McClatchy NewspapersApril 28, 2009 

WASHINGTON — A seemingly minor Texas dispute that began over moving a voting site from a garage to an elementary school will be argued before the Supreme Court Wednesday — with the potential to overturn a core piece of the Voting Rights Act that protects minority voters.

The so-called "guts" of the law — Section 5 — requires Justice Department pre-clearance of voting plans in nine Southern states — Alabama, Alaska, Arizona, Georgia, Louisiana, Mississippi, South Carolina, Texas, Virginia — and portions of seven other states, including North Carolina.

Officials at a North Austin, Texas, utility district, incensed at what they had to go through to move a voting site from a neighbor's garage to an elementary school, argue that the provision, first imposed in civil rights legislation in the early 1960s, is no longer necessary to protect minority interests.

"The law as it's currently used is based in part on the Goldwater versus Lyndon Johnson election of 1964," said Ed Blum, a visiting fellow at the American Enterprise Institute, who is a critic of the provision. "Using election data that goes back to 1964 doesn't make sense in 2009."

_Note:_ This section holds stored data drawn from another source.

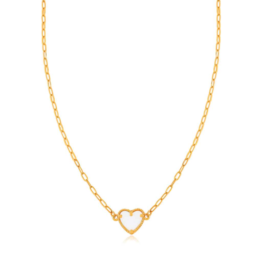 CO91123 - COLAR ELO CADEADO CORAÇÃO ESMALTADO BRANCO - FOLHEADO A OURO
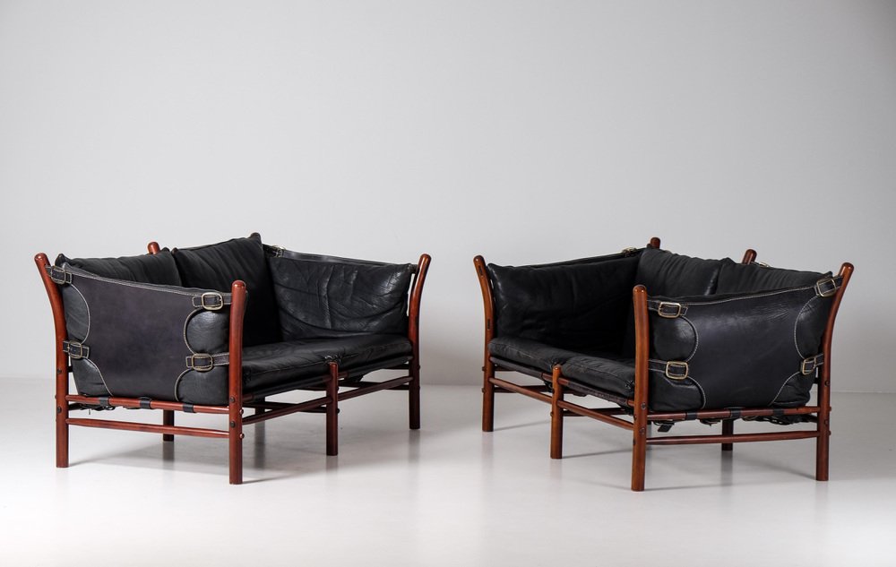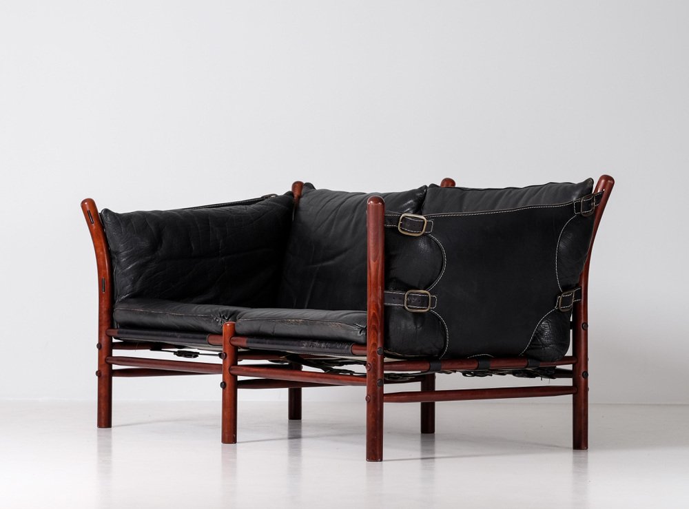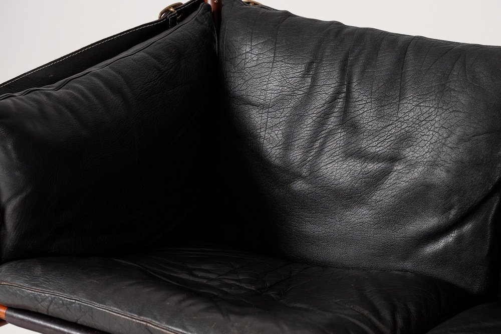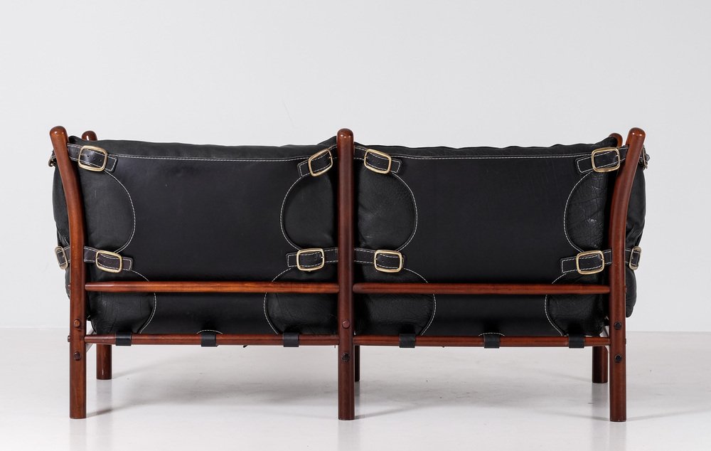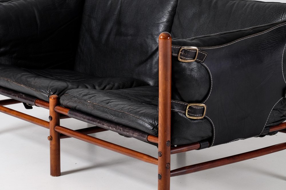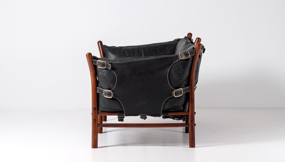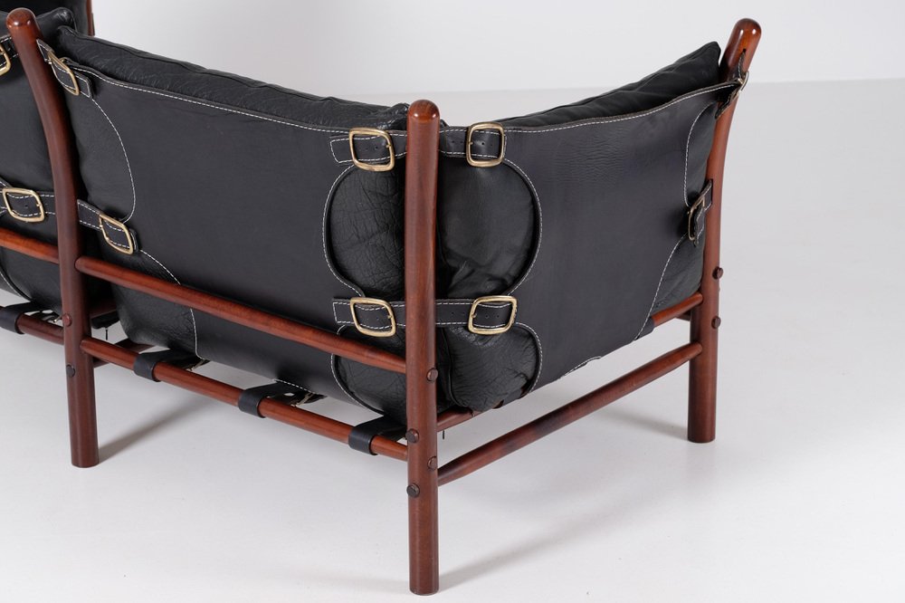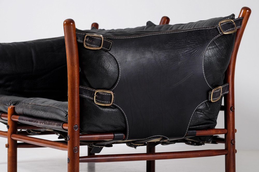Norell is often praised for pioneering “conceptual” furniture, because he employed traditional materials—leather, turned wood, bentwood, and metal, for example—in unexpected forms, often with lyrical results. His designs have an affinity with those of Danish designer Kaare Klint (1888-1954), who, a generation before, brought time-honored, vernacular forms into modernist expression. In fact, Klint’s iconic Safari Chair (1933) inspired Norell to create the Sirocco Safari Chair (1964), which is lightweight, collapsible, and held together by leather support straps instead of glue or screws. Norell’s wood-framed Inka Armchair, Indra Sofa, and Ilona Sofa (design dates unverified) are likewise held together by leather.
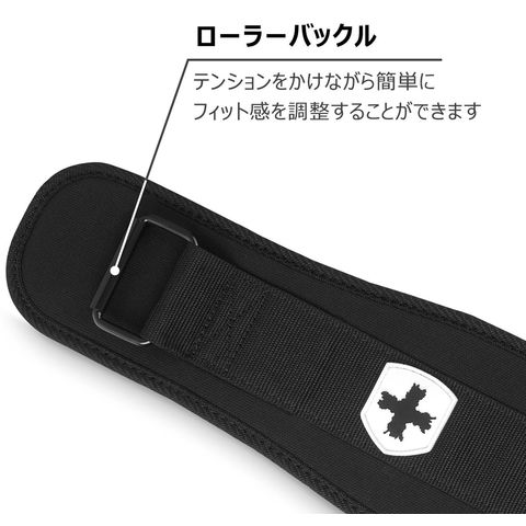 腰をしっかりサポートする軽量なトレーニングベルト.IWFの競技基準を満たした4.5インチ幅のトレーニングベルトです.薄型で軽量なデザインで、トレーニング中の動きを妨げることなく、腰をサポート.ベルトの端がはみ出ることがなく、しっかりと固定できるプレミアム面ファスナー採用.スチール製のローラーバックルは、お好みのフィット感に調整が可能.バックルの前は『X』型に縫い付けられ、耐久性アップ.
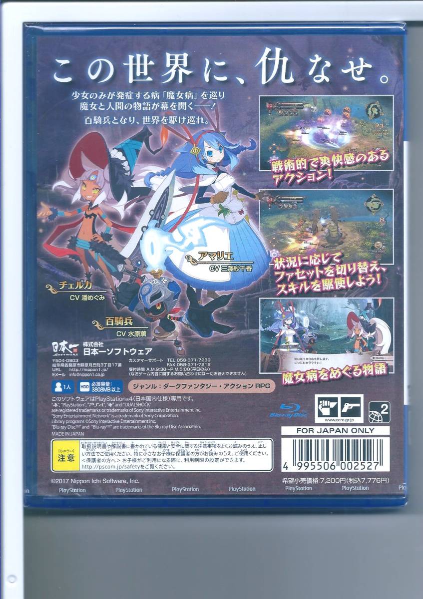 ●JANコード4995506002527 n2 ☆PS4 魔女と百騎兵2 ●商品の状態 新品未開封、包装されたままの状態ですが、包装にスレ・イタミがあります。ケースにもスレなどがあるかもしれません。 |
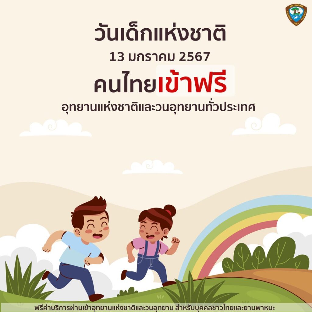อุทยานแห่งชาติ ในปี 2567 นี้ กรมอุทยานฯ ขอมอบของขวัญสุดพิเศษเนื่องในวันเด็กแห่งชาติ “ฟรีค่าบริการผ่านเข้าอุทยานแห่งชาติและวนอุทยาน สำหรับบุคคลชาวไทยและยานพาหนะ”
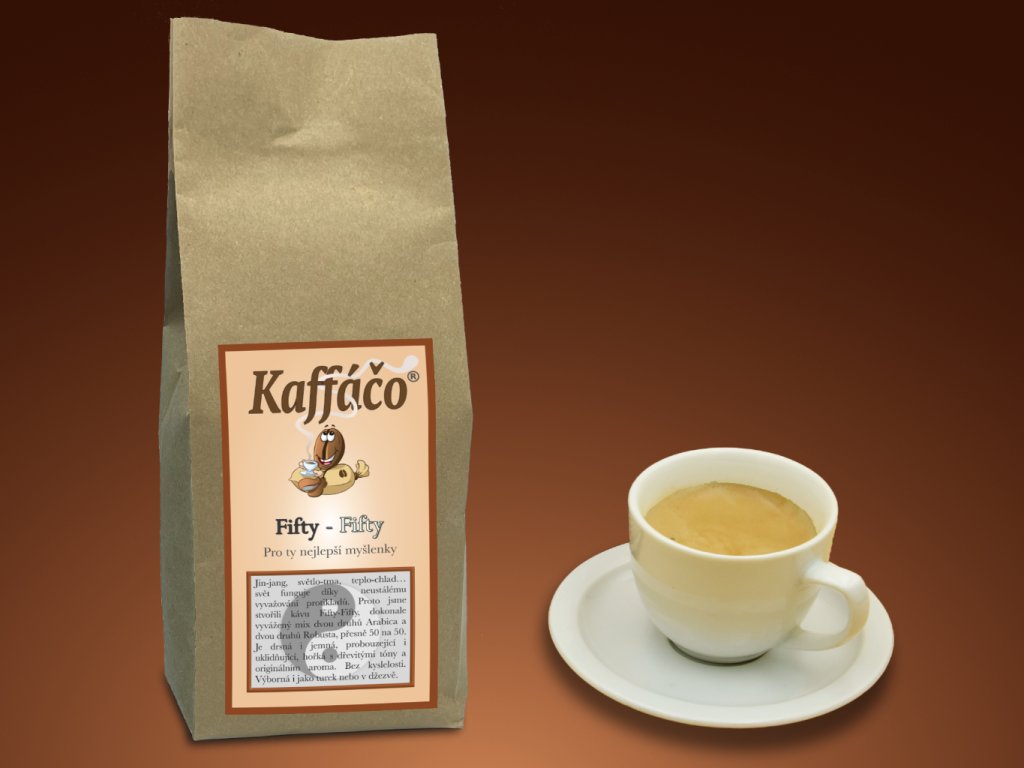 Jin-jang, světlo-tma, teplo-chlad…svět funguje díky neustálému vyvažování protikladů. Proto jsme stvořili kávu Fifty-Fifty, dokonale vyvážený mix Arabik a Robusty, přesně 50 na 50. Je drsná i jemná, s mnoha tóny a originálním aroma. Bez kyslelosti. Zkrátka káva pro filozofy, dobrodruhy a vůbec všechny hledající…. Výborná i v džezvě či jako turek.
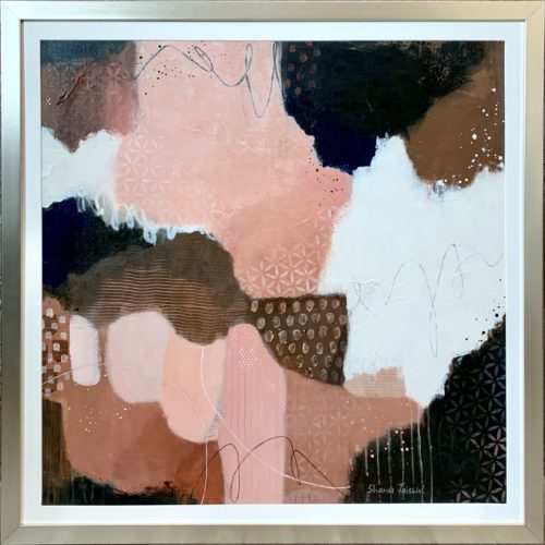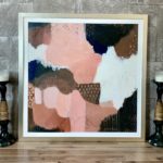 This artwork brings together beautiful blush pink, peach with browns & blacks in a unique composition suitable for any modern interior space .
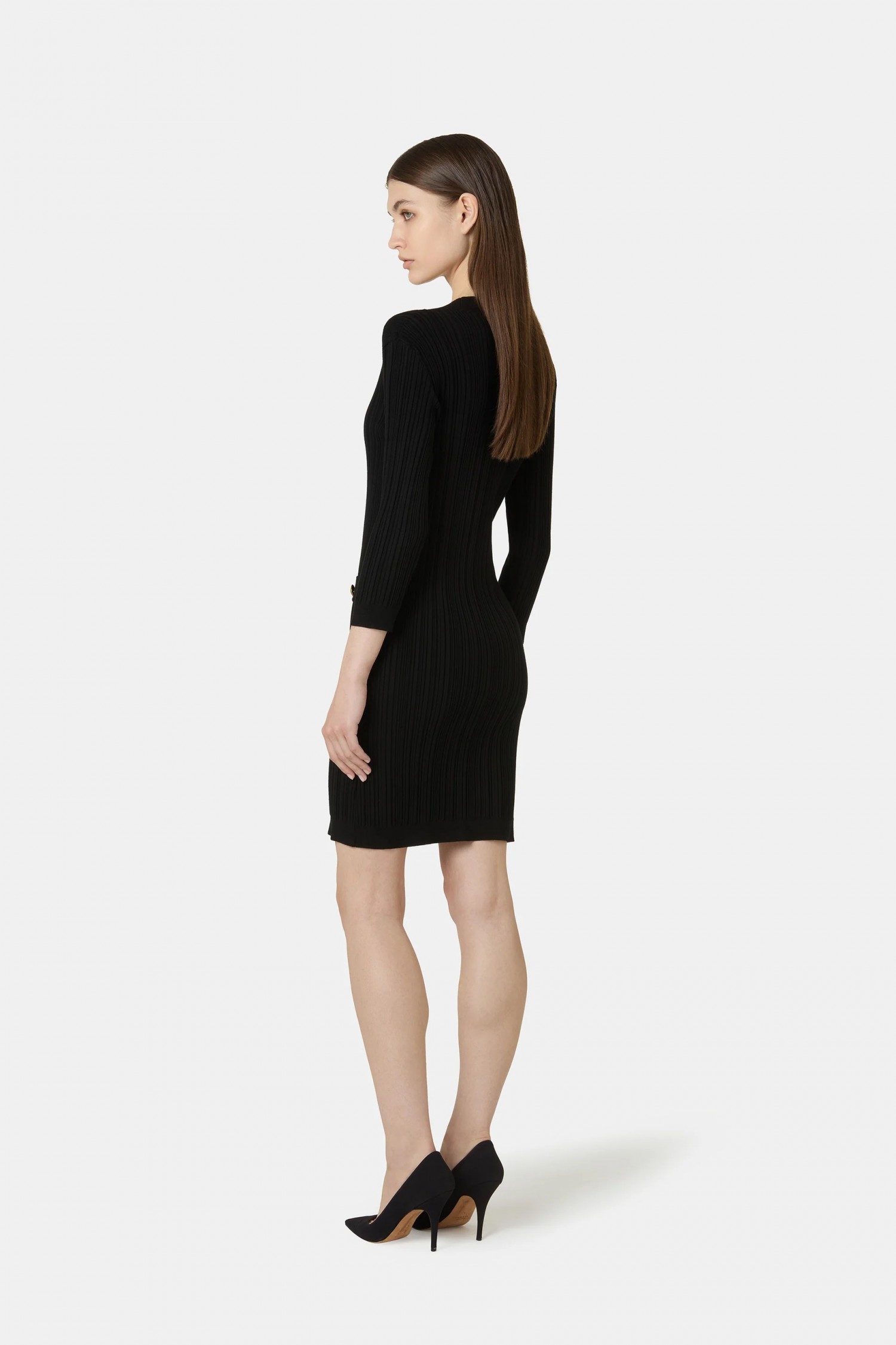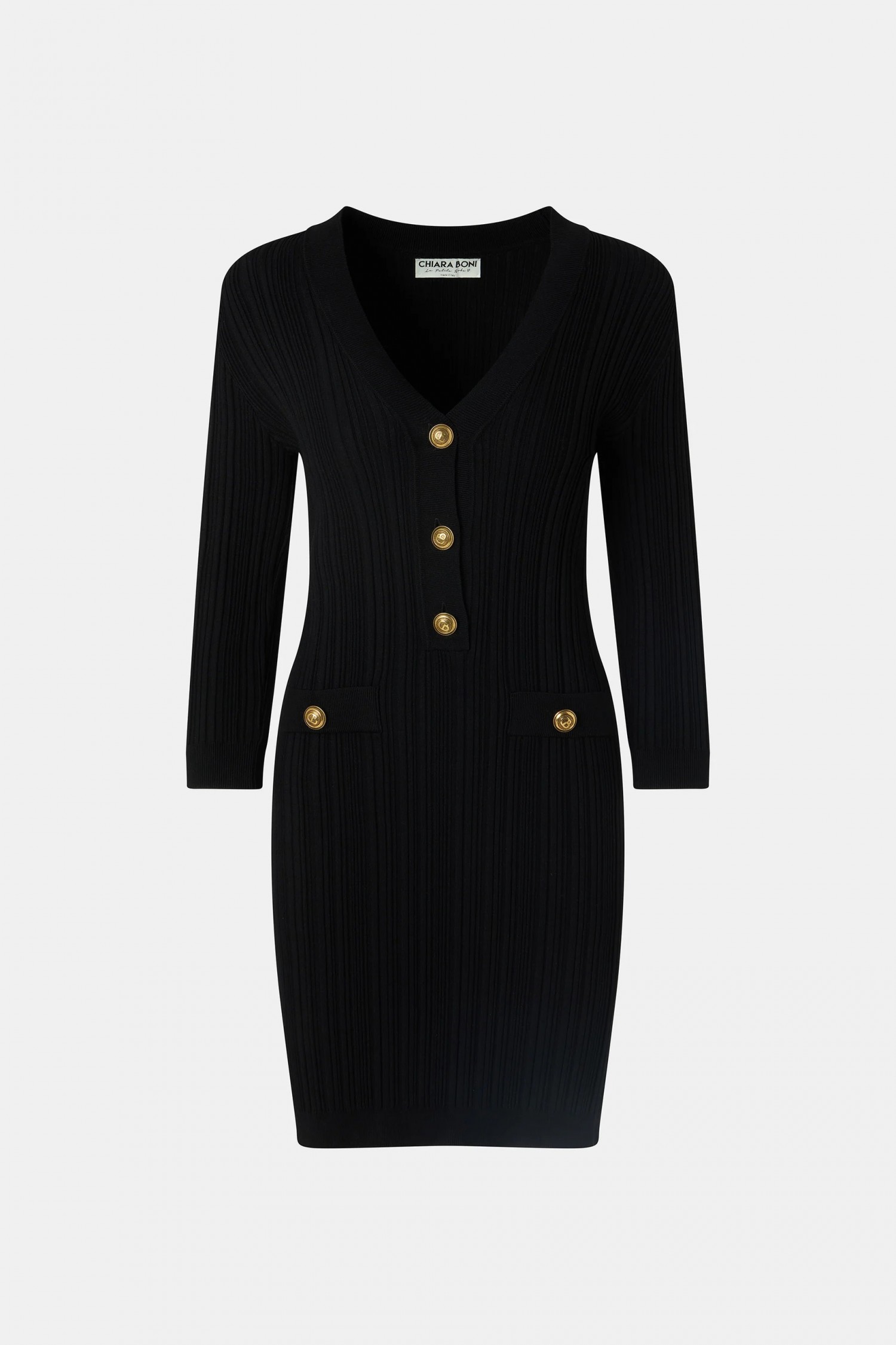 Dzianinowa sukienka Nuj to nowy dodatek do kolekcji, idealny na każdą elegancką okazję. Dekolt w serek i złote, markowe guziki dodają jej szykownego charakteru, a smukły krój podkreśla figurę.
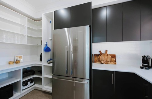 Inside, there’s plenty of room to relax. Kick back on the lounge enjoying the wall-mounted TV and getting cosy in front of the electric fireplace. The fully equipped kitchen makes it easy to prepare meals at home with sleek appliances and modern utensils. It comes with a butler’s pantry and breakfast bar for slow mornings at home. There’s plenty to keep families entertained including a games room with a table tennis table.
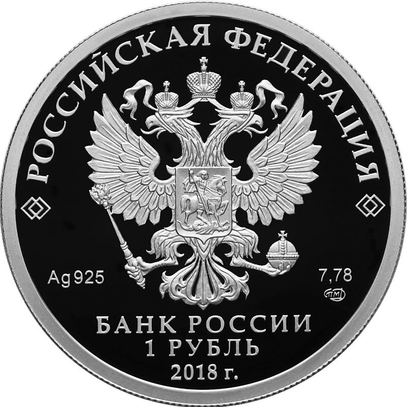 На аверсе рельефное изображение Государственного Герба Российской Федерации. Над ним вдоль канта надпись: РОССИЙСКАЯ ФЕДЕРАЦИЯ. Герб разделяет надпись: Ag 925 7,78 СПМД (вес и проба серебра, знак монетного двора). Внизу надпись в три строки: БАНК РОССИИ  1 РУБЛЬ 2018 г. (банк, номинал, год чеканки).
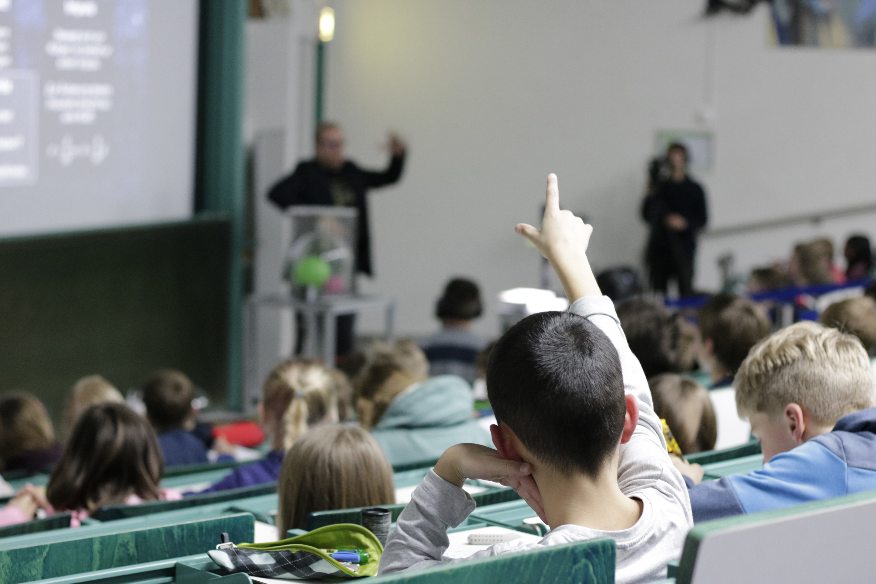Erwachsene haben zur Kinder-Uni keinen Zutritt. Damit sie hinterher aber noch mitreden können, dürfen sie und auch jüngere oder ältere Geschwisterkinder die Vorlesung im Foyer auf der Videoleinwand mitverfolgen. Während der Kinder-Uni bietet die Mensa „da Vinci“ Kaffee und Kuchen an.
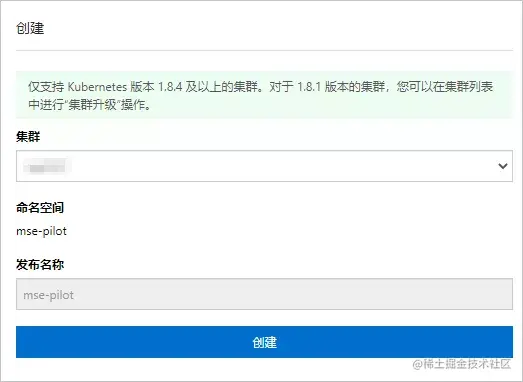 - 在 ack-mse-pilot 页面右侧集群列表中选择集群,然后单击创建。
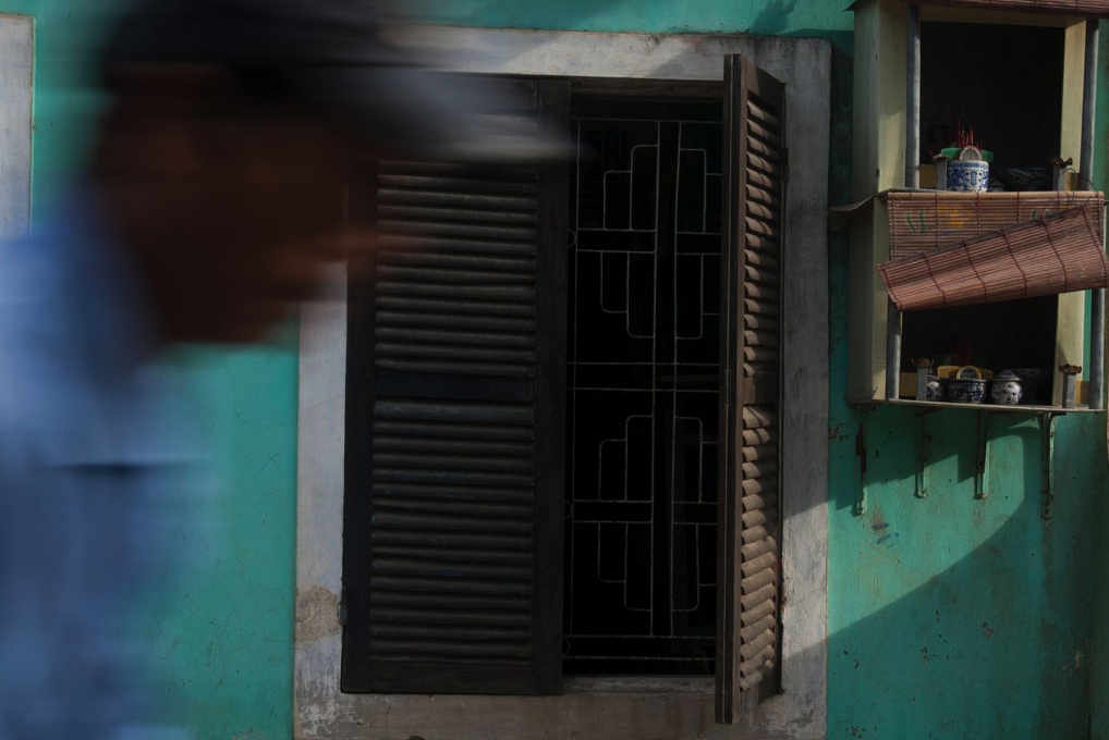 In the town of Bao Binh, a man walks past a shrine, July 2010.

Several critics point to the election of Barack Obama, the nation's first African-American president, as evidence that the law is obsolete.

Congress, on an overwhelming bipartisan basis, renewed the Voting Rights Act in 2006 for 25 years. But the supporters of the Northwest Austin Municipal Utility District Number One, known as MUD, say that lawmakers overreached by maintaining the pre-clearance provision and that it is, therefore, unconstitutional.

"It's our belief that the congressional record does not show the kind of Jim Crow gamesmanship that requires this kind of oversight today," said Blum. The MUD challenged the law and lost in federal district court last year, leading to the appeal to the Supreme Court.

The case has become a cause celebre among 18 groups representing minorities, including the Mexican American Legal Defense Fund and the NAACP Legal Defense Fund, which have weighed in on the case.

"What's at stake is the continued protection of minority voters from jurisdictions that try to replace one discriminatory mechanism with another," said Nina Perales, the MALDEF attorney who is representing Latino voters who live in the Austin municipal utility district.

"The act is still very much needed. Congress did its job in 2006, collecting 17,000 pages of information," said Perales. "The record shows continuing discrimination."

Texas has drawn pre-clearance objections in redistricting in 2001, and the 1990s, although not in the contentious mid-decade redistricting in 2003 when senior Justice Department officials overruled career lawyers.

As for the first African-American president being elected, Perales said that it's not relevant to the history of discrimination in the areas that must be pre-cleared. "In jurisdictions covered by section 5, such as Texas, Obama didn't do great," she said.

The Obama administration has thrown its support behind the case, with Principal Deputy Solicitor General Neal Katyal arguing the case for the Justice Department.

Renea Hicks, who represents Travis County in support of the Voting Rights Act, said that the case will turn on whether "we're still going to have the most important, most effective civil rights legislation in our history."